Не  постелил на выжженной дороге,


За то, что я  не развязал шнурков

Его крестьянских пыльных башмаков,


За то, что в  зной не  дал ему напиться,

Не  помешал в  больнице застрелиться[19].


Здесь заканчивается первая часть стихотворения, представляющая собой просьбу о прощении со следующим далее перечислением поступков, за несовершение которых лирического героя нужно простить, и начинается вторая часть, где поэт говорит уже о себе, о своем положении в мире (и положении перед картинами Ван Гога). В этой части, как замечает читатель, смысл несколько усложняется, престает быть таким откровенно простым и даже прямолинейным, каким был в начале:

Стою себе, а  надо мной навис

Закрученный, как пламя, кипарис.


Лимонный крон и  темно-голубое, —

Без них не  стал  бы я  самим собою;


Унизил  бы я собственную речь,

Когда  б чужую ношу сбросил с  плеч.


А  эта грубость ангела, с  какою

Он  свой мазок роднит с  моей строкою,


Ведет и  вас через его зрачок

Туда, где дышит звездами Ван-Гог[20].


И все же, дочитав эти строки до конца, мы не чувствуем большого затруднения при их сжатом пересказе.

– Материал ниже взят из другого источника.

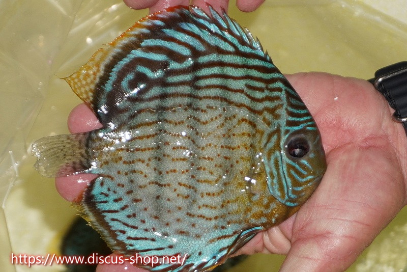 グリーンディスカスの中でも最もバリエーションが豊富でラージスポットタイプ、スポットラインタイプをはじめ、ロイヤルラインタイプなどの極上個体。またベースカラーの黄色、ホリゾンタルラインの青み、スポットの赤と最もカラフルな種となります。仕上がれば改良品種顔負けのど派手なパターンを持つ魅力的な産地の個体となります。
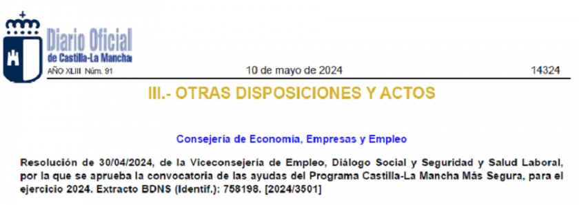 Se ha publicado en el Diario Oficial de Castilla – La Mancha la Resolución de 30/04/2024, de la Viceconsejería de Empleo, Diálogo Social y Seguridad y Salud Laboral, por la que se aprueba la convocatoria de las ayudas del Programa Castilla-La Mancha Más Segura, para el ejercicio 2024.
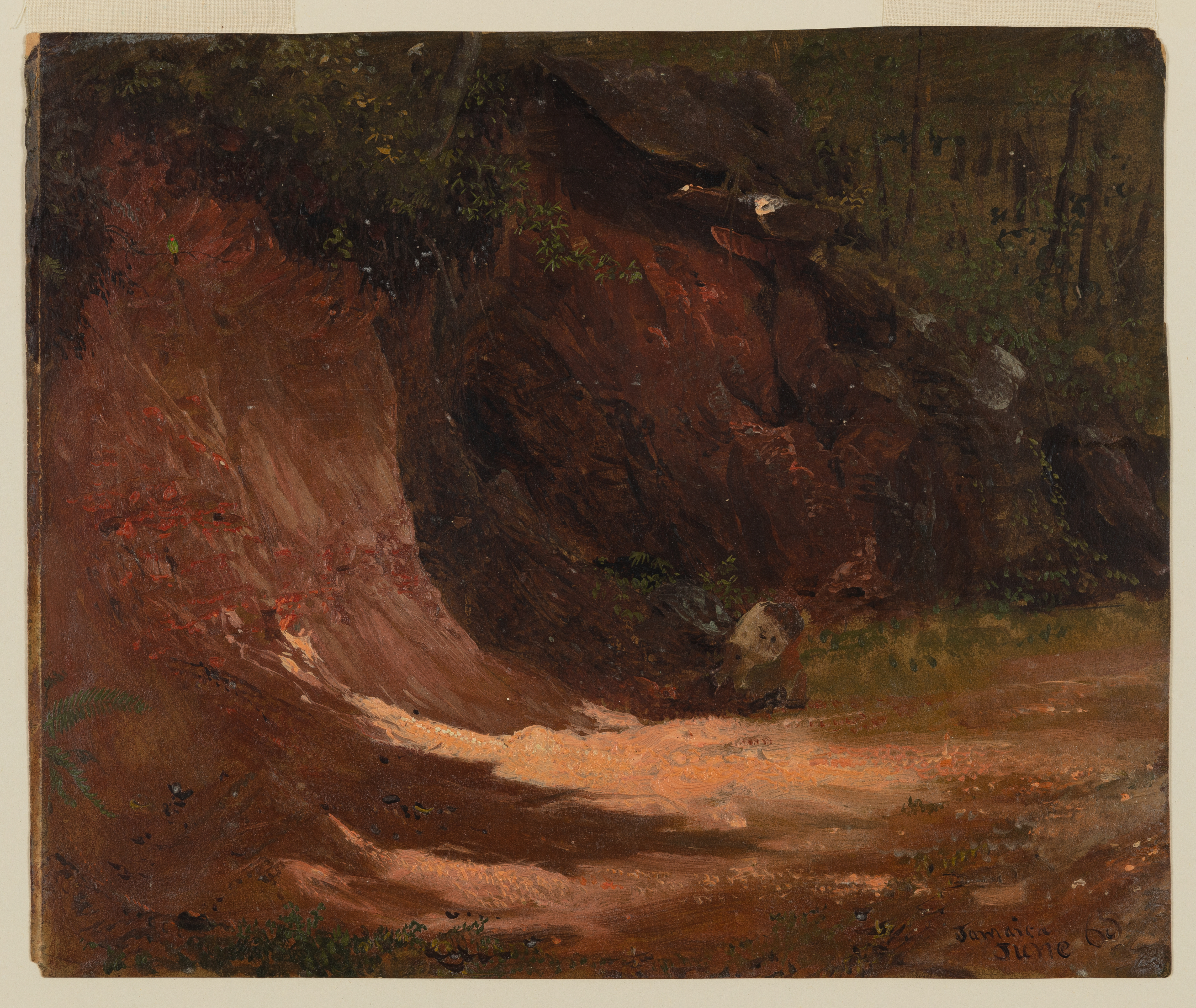 Drawing, Trail Embankment, Jamaica; Frederic Edwin Church (American, 1826–1900); USA; brush and oil, graphite on paperboard; 22.3 × 26.7 cm (8 3/4 × 10 1/2 in.); Gift of Louis P. Church; 1917-4-1361
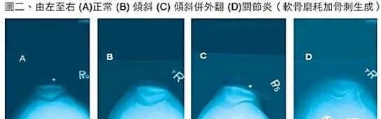 X线:早期X线表现可无异常,晚期可见骨赘形成,髌股关节间隙狭窄、毛糙、关节对合不良。
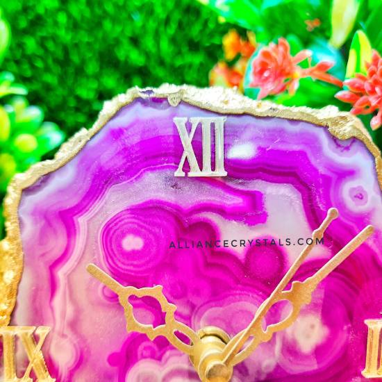 • Home Decor: Elevate your living space with this unique and stylish pink agate clock.
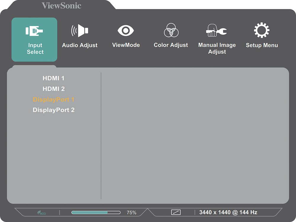 Der ViewSonic VX3418C-2K ist praxisgerecht ausgestattet und bietet alle gängigen digitalen Videoeingänge: Auf der Rückseite – zentral unterhalb der VESA-Halterung – befinden sich:

Сначала поэт попросил у Ван Гога прощения, потом признался в любви к его работам и, наконец, заявил о своем, поэта, «сродстве» с художником: «А эта грубость ангела, с какою // Он свой мазок роднит с моей строкою…»

Несложно назвать и конкретные живописные источники тех или иных строк стихотворения Тарковского.

Так, двустишие:

За то, что я  не развязал шнурков

Его крестьянских пыльных башмаков…


неизбежно вызывает в памяти знаменитую серию картин Ван Гога второй половины 1880-х годов, на которых изображена грубая, стоптанная, грязная обувь, ботинки со шнурками. Очевидно, через этот «портрет обуви» художник рассказывает нам о нелегком пути, своем собственном, любого бедняка, простого труженика и человека на земле вообще.

Читая строки:

Стою себе, а  надо мной навис

Закрученный, как пламя, кипарис… —


мы вспоминаем многочисленные кипарисы Ван Гога. Это одно из «любимых» деревьев позднего, арльского периода творчества художника, кипарисы – герои не только картин, но и писем Ван Гога к родным. Он рассуждает о том, что пишет их по-новому, так, как до него никто не писал, о сложности их цвета, схожести их с обелисками и так далее. Причем, берясь за любимый мотив, Ван Гог всегда трактует кипарисы именно как закрученные, вихрящиеся, взвиваю щиеся и правда напоминающие черное пламя – строка Тарковского «Закрученный, как пламя, кипарис» весьма точно передает экспрессию изображения многочисленных кипарисов у Ван Гога. Назовем несколько наиболее известных работ художника с кипарисами, относящихся к 1889–1890 годам: «Пшеничное поле с кипарисами» (1889, Национальная галерея, Лондон); «Пшеничное поле с кипарисами» (1889, Метрополитен-музей, Нью-Йорк); «Звездная ночь» (1889, Музей современного искусства, Нью-Йорк); «Дорога с кипарисом и звездой» (1890, Музей Крёллер-Мюллер, Оттерло, Голландия). На последней картине, заметим, изображены два человека, бредущих по дороге.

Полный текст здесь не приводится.